Electrochemical Devices Via Electrostatic Nanoscale Assemblies
Paula T. Hammond, Chemical Engineering, Massachusetts Institute of Technology, 77 Massachuhsetts Avenue, 66-550, Cambridge, MA 02139
The alternating adsorption of oppositely charged molecular species, known as the electrostatic layer-by-layer (LBL) process, is a simple and elegant method of constructing highly tailored ultrathin polymer and organic-inorganic composite thin films. We have utilized this method to develop a number of functional ultrathin film systems, including materials that can be tailored for display, sensor and protective coating applications.

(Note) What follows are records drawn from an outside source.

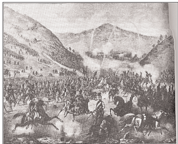
A pákozdi csata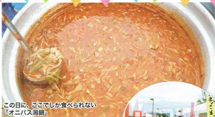
この日に、ここでしか食べられない「オニバス潟鍋」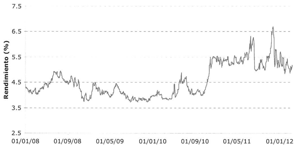
Gráfico 3. Benchmark - Evolución de la rentabilidad de la deuda española (GSPG10YR Index)

Como se puede observar en el gráfico anterior, la rentabilidad de la deuda española ha experimentado un periodo de cierta estabilidad comprendido entre enero de 2008 y enero de 2010. Aunque se observan ligeras fluctuaciones en la rentabilidad, éstas siempre se corrigen, volviendo a niveles de rentabilidad similares a los de partida. No obstante, desde finales del primer semestre de 2010 hemos asistido a un escenario de estrés de la deuda española que llevó a que se registrasen máximos de rentabilidad, superando el 6.30% a mediados de julio de 2011. Desde entonces, dicha tendencia se relajó hasta septiembre de 2011, fecha a partir de la cual da comienzo una breve etapa de estrés en los mercados, que desde entonces se ha ido suavizando hasta llegar a niveles ligeramente inferiores a los de principios de 2011.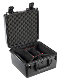
iM2275-X0006 With TrekPak Divider System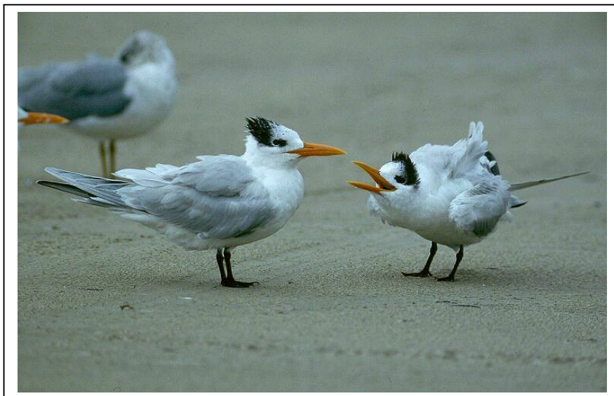
Abb.11: Königsseeschwalbe Sterna maxima , Galveston, Texas, Dezember 1994 (Axel Halley). Die meiste Zeit des Jahres tragen Königsseeschwalben die schwarze 'Winterkappe' mit dem deutlich isolierten Auge. Die Schnabelform ist ganzjährig das beste Einzelkriterium zur Unterscheidung gegenüber der Schmuckseeschwalbe (Kaufman 1990: 151). Schwierig kann bei Irrgästen in unseren Breiten auch eine Unterscheidung zwischen Königs- und Rüppellseeschwalbe sein. Die Rüppellseeschwalbe ist schon in Deutschland nachgewiesen worden. Die Königsseeschwalbe ist bis nach Spanien, Großbritannien und Norwegen gelangt, wobei Ringfunde eines spanischen sowie eines britischen Vogels deren Herkunft aus Nordamerika belegen (Dennis 1994, Lewington et al. 1991: 162).

Beim Auftreten orangeschnäbeliger Seeschwalben in unseren Regionen besteht grundsätzlich eine Verwechslungsmöglichkeit auch mit der (afrikanischen Unterart der) Königsseeschwalbe S. maxima (albididorsalis) (Dubois 1991, Wheeler 1989, Link 18, 21, Abb.11). Allein der im Vergleich zur Schmuckseeschwalbe massivere Schnabel mit deutlichem Gonyseck schließt diese Art jedoch eindeutig aus. In Link 5 können beiden Arten nebeneinander auf einem Foto verglichen werden.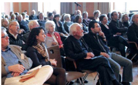
Rund 100 Teilnehmer/-innen folgten den lebhaften Diskussionen auf dem Podium – und diskutierten kräftig mit.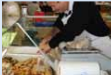
Produits chinois BOUPHAVICHITI Dimanche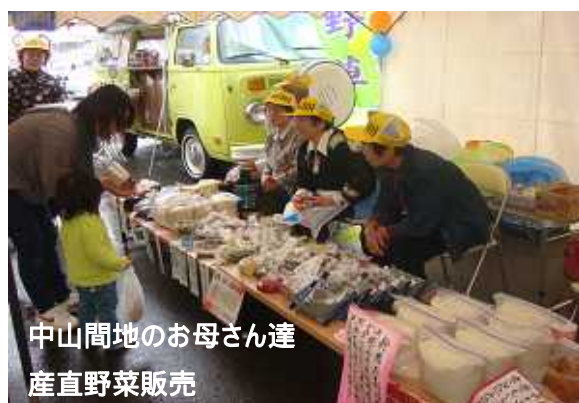
中山間地のお母さん達 産直野菜販売

にな市開催(毎月27日の地域・業種・世代・文化を越えた交流と、コミュニティビジネスの萌芽を応援する)、委託販売(になニ～ナ内に常設し、コミュニティビジネスの萌芽を応援する。にな市に参加できない方などの常設での受け皿とする)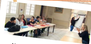
Markethon de l'emploi - 18 octobre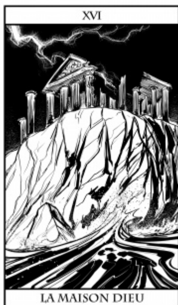
Illustration Jean-Marie Minguez

©Kyklos Editions, Jean-Marie Minguez Tous droits réservés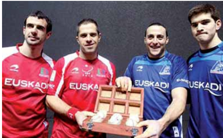
Olaizolari eta Zabalari 16-22 irabazi zieten Irujok eta Zabaletak. UTZITAKOIA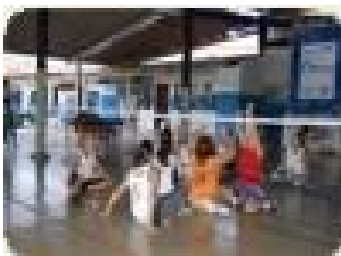
Figura1 local de pratica Vôlei sentado

http://www.adfego.com.br/adfego/esportes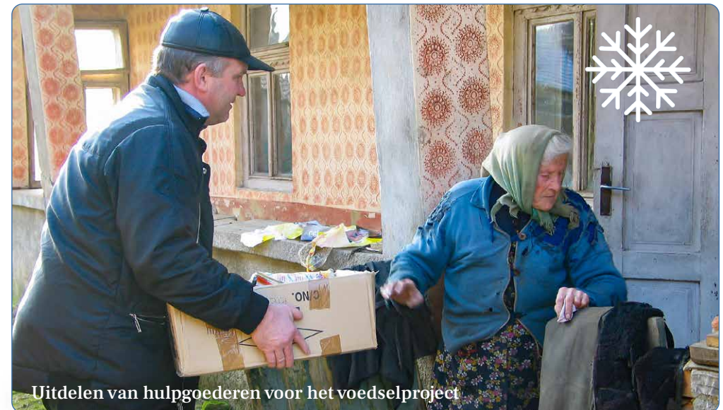
Uitdelen van hulpgoederen voor het voedselproject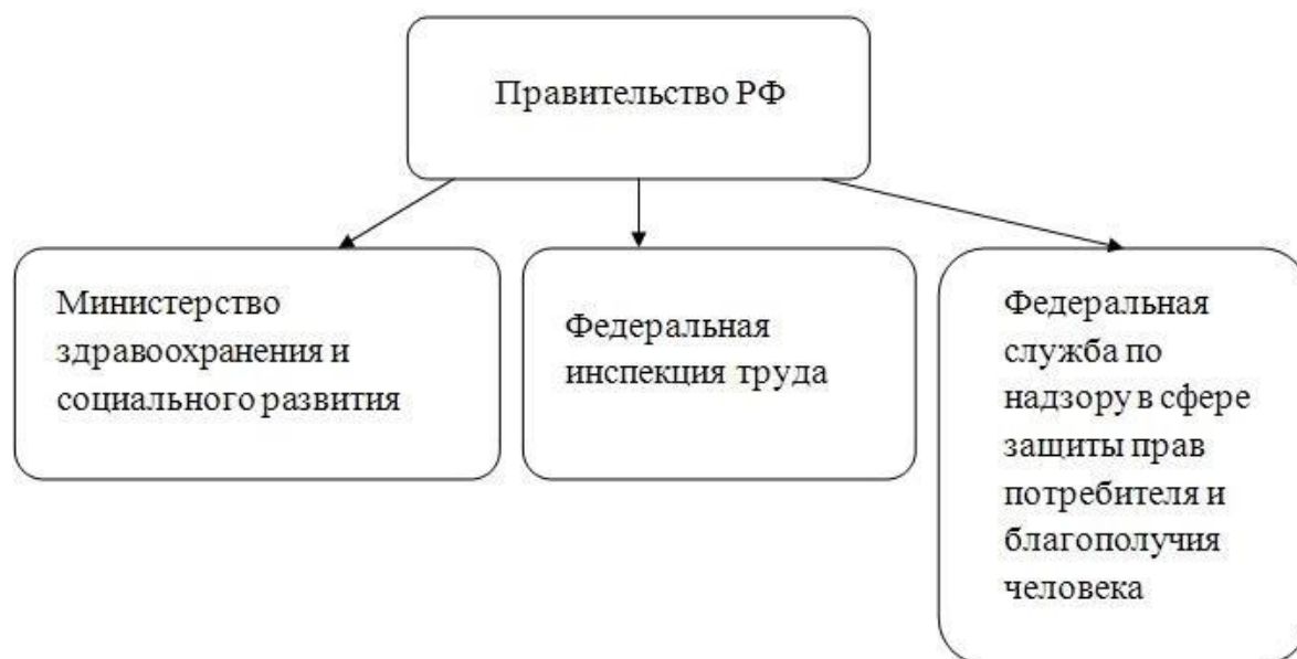
Рис. 3 – Иерархия государственного регулирования охраны труда

Сфера охраны труда граждан является одной из самых важных в трудовых взаимоотношениях, поэтому государство её чётко регулирует с помощью своих органов власти. Иерархия государственного регулирования представлена на рис. 3.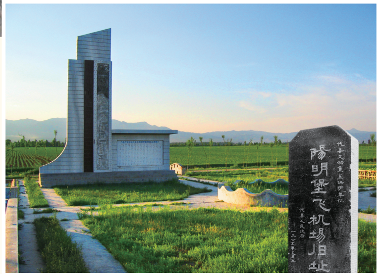
阳明堡日军飞机场旧址(忻州市)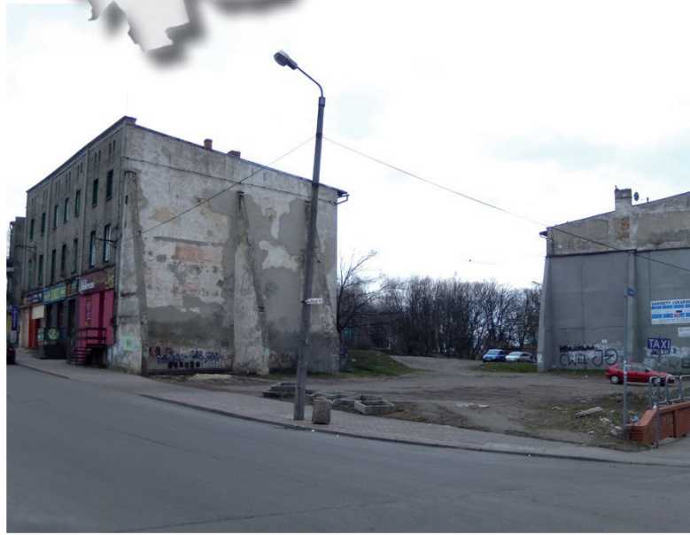
Mural ma powstać na ścianach budynków przy ul. Tuwima 8 i Sienkiewicza 3 w Wirku.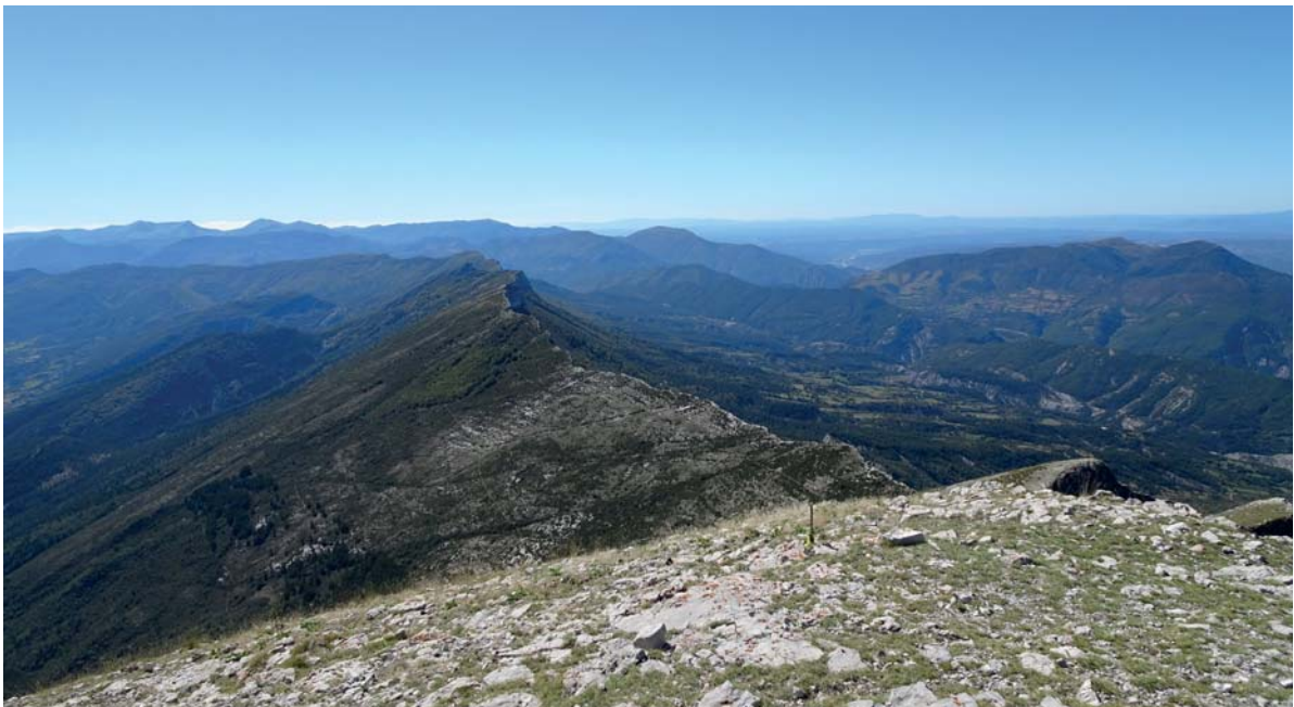
Vue depuis le sommet du Couar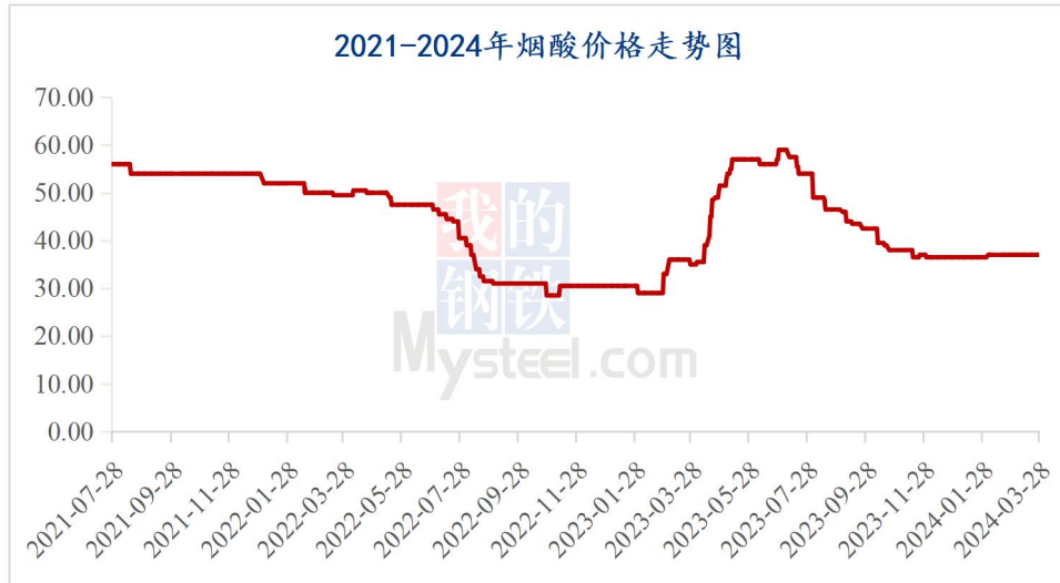
图 15 2021-2024 年烟酸价格走势图

本周国内市场主流报价 36-38 元/kg，市场成交较一般，市场询单一般，交投价格平稳偏弱，部分价格略低。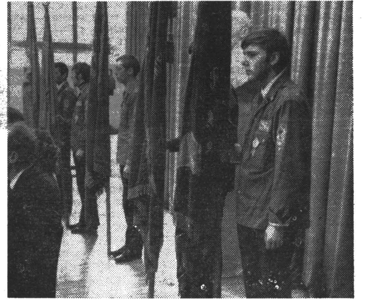
В почетном карауле у знамени комсомольской организации института

These systems have allowed the formation of a range of electrochemical devices using multilayer assembly, including the use of conjugated polymers and inorganic nanoparticles for electrochromic displays, the formation of thin films as proton exchange membranes in fuel cells, and the use of these multilayers in other power and micropower devices. New explorations have also included the use of some of these unique redox active organic/inorganic hybrid systems as systematically deconstructible thin films with potential uses as an electrochemical means of drug delivery. All of these systems rely on the ability to control the placement of different multiply charged components within specific regions of the film. Some of the polyion systems of interest in these applications undergo some degree of interdiffusion during the assembly process. The nature of this interdiffusion, and means of controlling the interdiffusion process are discussed, as well as the final device applications of these systems. Means of using the interdiffusion phenomenon in an advantageous manner to create ordered virus-polymer thin film assemblies will be discussed, and collaborations at MIT in which these viruses are genetically engineered to support the generation of metal and metal oxide coatings will be described. In these systems the use of electrostatic assembly methods leads to the spontaneous assembly and ordering of viruses at the top surfaces of functional polyelectrolyte multilayers. The protein coats of the viruses act as templates to form Au, Co and CoO nanowires that can be used to make a number of interesting electrochemical functions, including battery electrodes with extraordinarily high capacity.